The drive forked and he took the left-hand branch that circled to the rear of the hall. Cresting a gently rising lawn, he saw a rose garden encircled by a set of clipped box hedges. He caught a snatch of the pastel rose of a woman’s dress as it flitted past a gap between the dense green blocks. Intrigued, he dismounted and led his horse across the lawn.
The honeyed amber light of the setting sun seemed to encompass him in a dream. Spikes of parched grass snapped under the leather soles of his boots. The long shadows from the rose garden stretched out to draw him near. Wafted through the soft stillness, with the scent of roses, he heard a woman’s voice singing. It was an Irish air with a strongly marked beat. The dreamlike quality of the scene was accentuated by an unmistakable pianoforte accompaniment executed with forceful precision.
‘Oh, stay! Oh, stay!’
sang the voice gaily.
‘Joy so seldom weaves a chain
Like these tonight, that oh ’tis pain
To break its link so soon.’
It was a tuneful voice and it conveyed the words with playful aplomb.

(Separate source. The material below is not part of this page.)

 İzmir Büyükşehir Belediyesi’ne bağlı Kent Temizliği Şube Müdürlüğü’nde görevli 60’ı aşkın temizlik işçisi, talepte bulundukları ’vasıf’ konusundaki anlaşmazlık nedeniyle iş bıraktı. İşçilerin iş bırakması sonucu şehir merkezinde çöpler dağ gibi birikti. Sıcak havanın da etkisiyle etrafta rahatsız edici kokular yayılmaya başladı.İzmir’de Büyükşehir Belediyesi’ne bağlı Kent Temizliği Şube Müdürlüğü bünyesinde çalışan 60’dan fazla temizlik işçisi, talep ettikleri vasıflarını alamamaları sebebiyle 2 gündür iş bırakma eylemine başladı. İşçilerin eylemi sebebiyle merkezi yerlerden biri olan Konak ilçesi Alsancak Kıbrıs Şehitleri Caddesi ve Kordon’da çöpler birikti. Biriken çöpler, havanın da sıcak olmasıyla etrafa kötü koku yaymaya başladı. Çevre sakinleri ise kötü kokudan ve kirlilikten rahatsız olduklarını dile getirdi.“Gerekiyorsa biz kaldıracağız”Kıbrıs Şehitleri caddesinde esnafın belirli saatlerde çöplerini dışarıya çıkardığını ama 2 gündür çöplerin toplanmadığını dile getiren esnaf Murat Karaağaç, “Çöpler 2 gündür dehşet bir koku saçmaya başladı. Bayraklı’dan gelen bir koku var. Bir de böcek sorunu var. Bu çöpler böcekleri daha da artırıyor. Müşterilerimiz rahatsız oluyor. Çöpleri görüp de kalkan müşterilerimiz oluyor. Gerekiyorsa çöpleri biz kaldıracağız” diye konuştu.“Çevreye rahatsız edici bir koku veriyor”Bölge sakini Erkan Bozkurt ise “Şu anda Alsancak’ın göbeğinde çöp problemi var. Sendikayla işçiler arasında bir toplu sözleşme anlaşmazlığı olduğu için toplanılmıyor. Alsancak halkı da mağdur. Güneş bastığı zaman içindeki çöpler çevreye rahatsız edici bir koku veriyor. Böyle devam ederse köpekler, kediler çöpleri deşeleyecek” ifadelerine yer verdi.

Jarrett approached the hedge and paused, concealed, to peep into the magical enclosure of the rose garden.
First he saw Lady Catherine, a large white chip hat forming a pavilion over her eccentric shape. She rested her hunched frame on a high stool while her thin hands jumped about the keys of a decorative little pianoforte. As she struck out the gay melody her body moved from side to side with the lilt of the music. Before he could recover from the astonishment of this sight, he saw the singer. Bound up in the spirit of her song, Henrietta Lonsdale danced in a pale pink dress
against the rich backdrop of a profusion of crushed-velvet roses.

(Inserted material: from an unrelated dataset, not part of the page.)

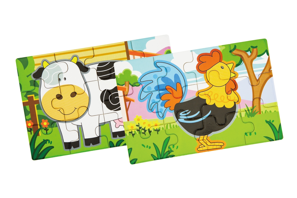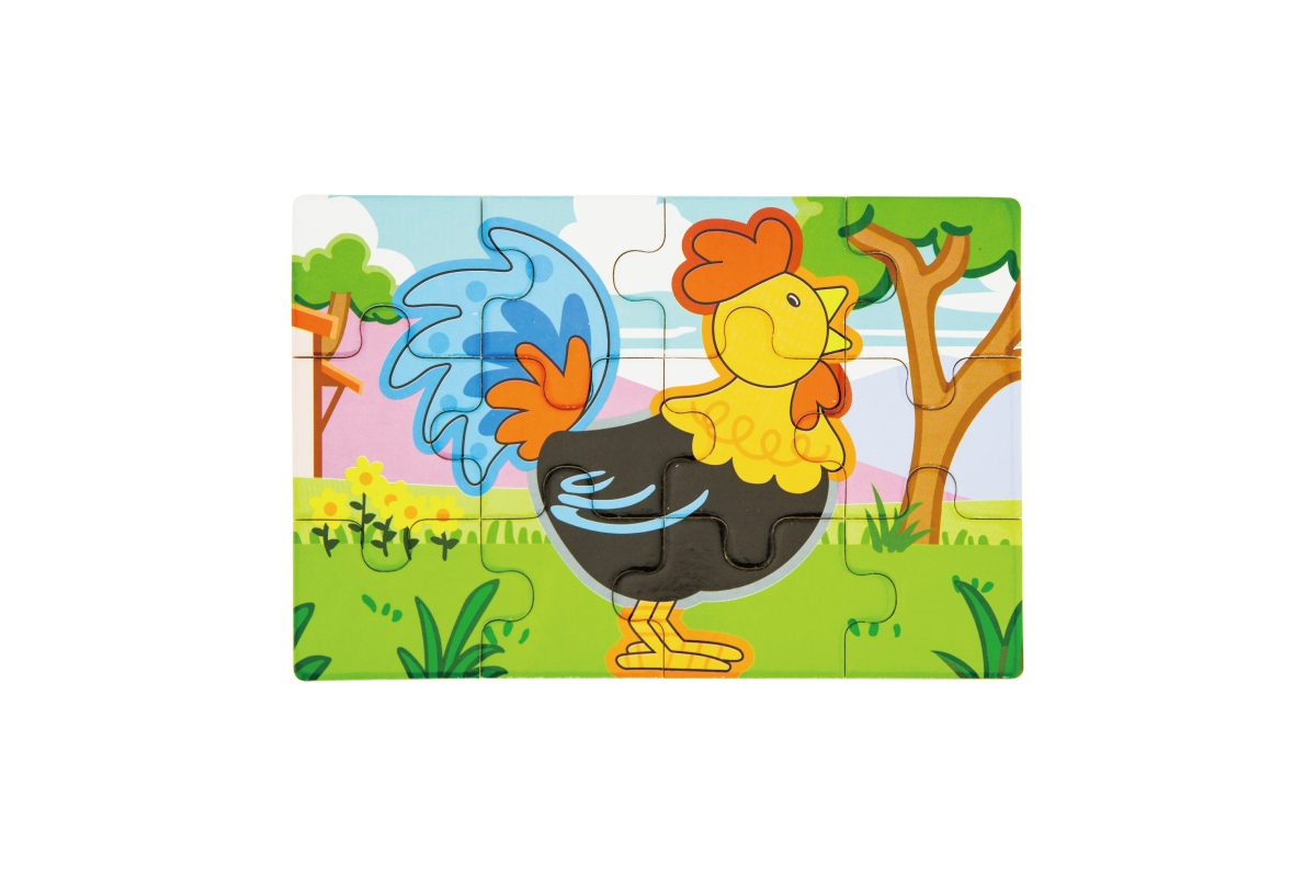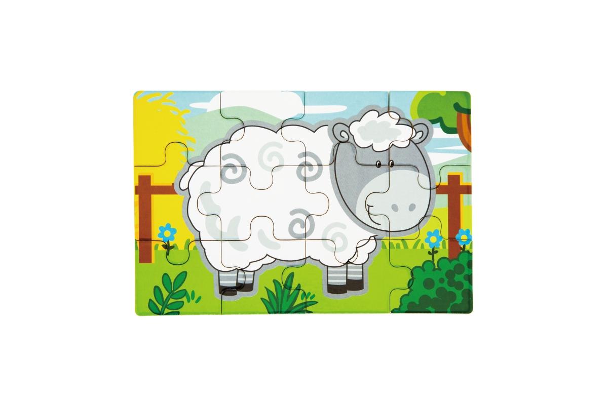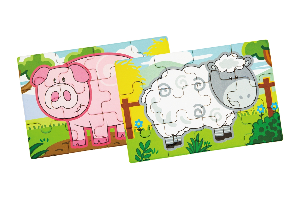 Dřevěné puzzle s motivy farmy. Balení obsahuje celkem 4 obrázky (celkem 48 dílů). Z puzzlí lze postavit jeden dlouhý obrázek všech 4 zvířátek. Rozměry..

An Englishman’s upbringing does not excel in preparing him to meet unconventional behaviour with equanimity. Jarrett’s first reaction was a sort of smirk that so respectable a pair of ladies should disport themselves in such a fashion. But as he stood at the edge of the garden, peering in on the scene, its charm crept up on him. Henrietta’s graceful form embodied the joy of the music completely, uninhibited by the plastic manners that society imposes. He caught himself admiring her honesty and sensed a fleeting melancholy that his own nature would never allow him to experience a similar freedom. As the first flush of embarrassment receded, his artist’s eye gradually perceived in Lady Catherine’s awkward movements a graceful dancer made clownish by the misfortune of a misshapen body. He watched in rapt silence, the spirit of the rose garden infecting him with a sliver of regret that he should be excluded from the intimacy of the two performers.
The song ended. Henrietta bowed to her pianist, flushed and laughing. Lady Catherine beamed back in a way Jarrett would previously have thought inconceivable. All at once he was aware of his dilemma in lurking behind the hedge. The violent consciousness of his guilt in trespassing on so private a moment rooted him to the spot. Embarrassment piled up on confusion as he overheard Miss Lonsdale speak his name.

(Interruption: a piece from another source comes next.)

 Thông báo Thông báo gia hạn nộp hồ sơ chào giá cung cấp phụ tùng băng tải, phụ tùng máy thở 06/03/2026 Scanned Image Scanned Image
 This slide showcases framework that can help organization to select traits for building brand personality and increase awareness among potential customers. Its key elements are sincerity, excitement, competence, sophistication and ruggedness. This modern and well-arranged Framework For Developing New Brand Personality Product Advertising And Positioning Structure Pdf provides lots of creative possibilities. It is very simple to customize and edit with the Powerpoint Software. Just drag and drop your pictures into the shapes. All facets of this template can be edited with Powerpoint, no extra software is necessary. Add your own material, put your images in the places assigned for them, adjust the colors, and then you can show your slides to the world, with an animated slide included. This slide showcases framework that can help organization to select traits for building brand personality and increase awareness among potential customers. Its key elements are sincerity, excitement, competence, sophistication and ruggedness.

‘What connection might Mr Jarrett be to the Marquess, do you suppose, Lady Catherine?’
There was a ribald chuckle from the old lady.
‘Connection? Connection, Miss Henrietta? It seems to me Mr Jarrett don’t wish to acknowledge any connection between them.’
Miss Lonsdale’s tone shifted, reflecting curiosity half-reined in by a desire to smooth over a potential faux pas.